Anna Haugh: ‘I want people to watch this show and see us as two people who’ve put decades of work into our careers.’ Photograph: Joanne O’Brien
“If I had my way, I’d live in chef’s whites morning, noon and night,” she grins.
When she’s home in Dublin, she loves trying out new restaurants and one of her favourites is Craft Restaurant in Harold’s Cross. Despite all her years away, she retains that gorgeous Dublin accent. “I am Tallaght to my bones and I know absolutely tonnes of wonderful people from Tallaght. Sometimes the media depicts Tallaght in one light, but like everywhere it is a multifaceted place. There are lots of versions of Tallaght and I’m really proud I come from there.”
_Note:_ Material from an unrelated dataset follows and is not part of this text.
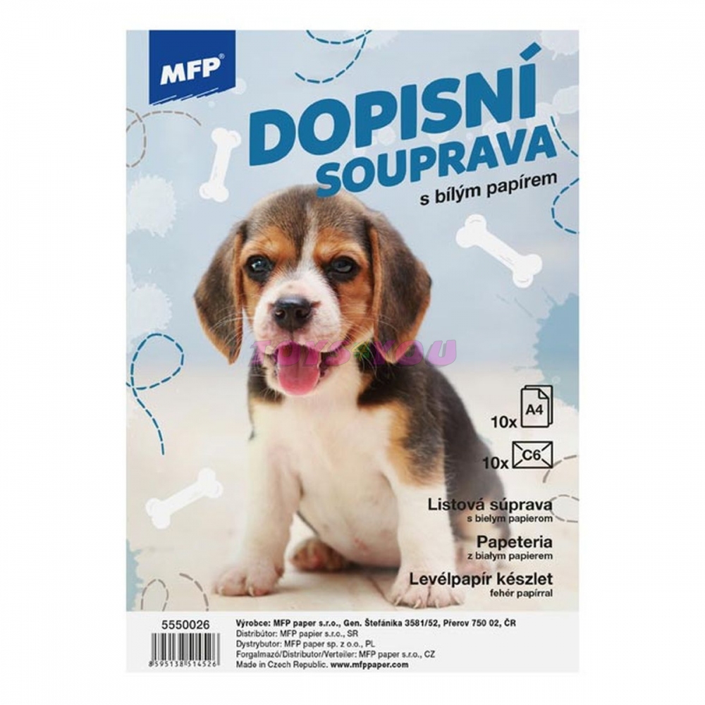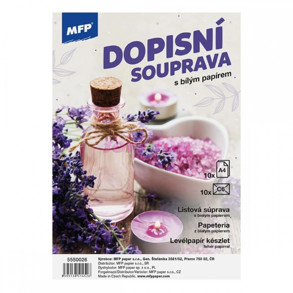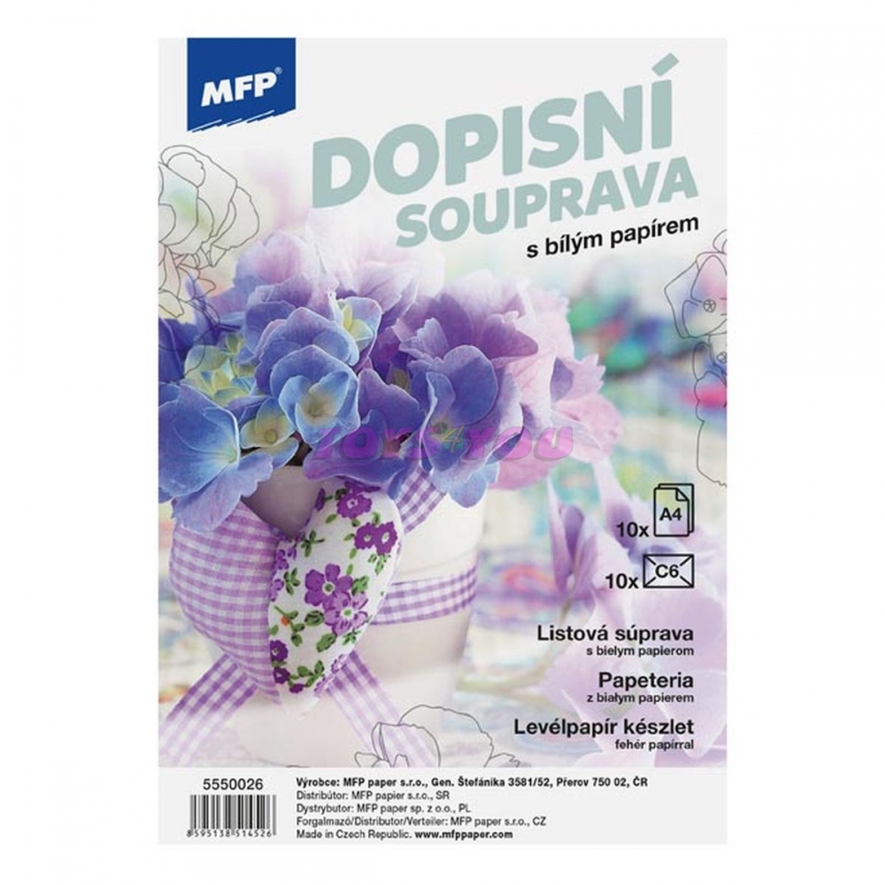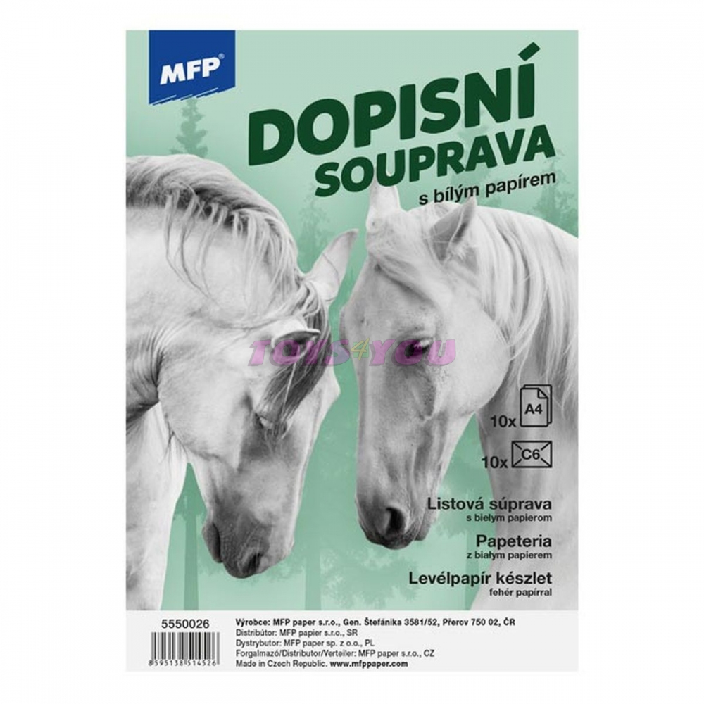 Dopisní souprava s bílým papírem bez linek. Sada určená pro posílání dopisů. Pořiďte si k soupravě také naše propisky, gelové pera nebo kuličková pera. BALENÍ OBSAHUJE: - 10 čistých dopisních papírů - 10 bílých poštovních obálek Formát: A4 Baleno v plastovém průhledném obalu se závěsem. Uvedená cena je za 1 balení. Hmotnost: 0.09 kg Rozměr: 149mm x 211mm x 8mm (Š x V x H) Vyrobeno v EU. Cena za 1 kus.

She thinks back to when she appeared on a celebrity edition of The Weakest Link quizshow earlier this year, hearing herself say “I’m Anna Haugh, from Dublin, Ireland” was a heady moment. “My brain was fizzing … nobody in my life, including myself, ever thought that little Anna Haugh from Tallaght would be on The Weakest Link. Never mind, MasterChef and all the other wonderful shows that I get to be on. It was a real moment.”
Does she feel conscious of representing Dublin and Tallaght on the new series? “I’ll be honest with you. I’m very conscious of that. I’m extraordinarily proud.”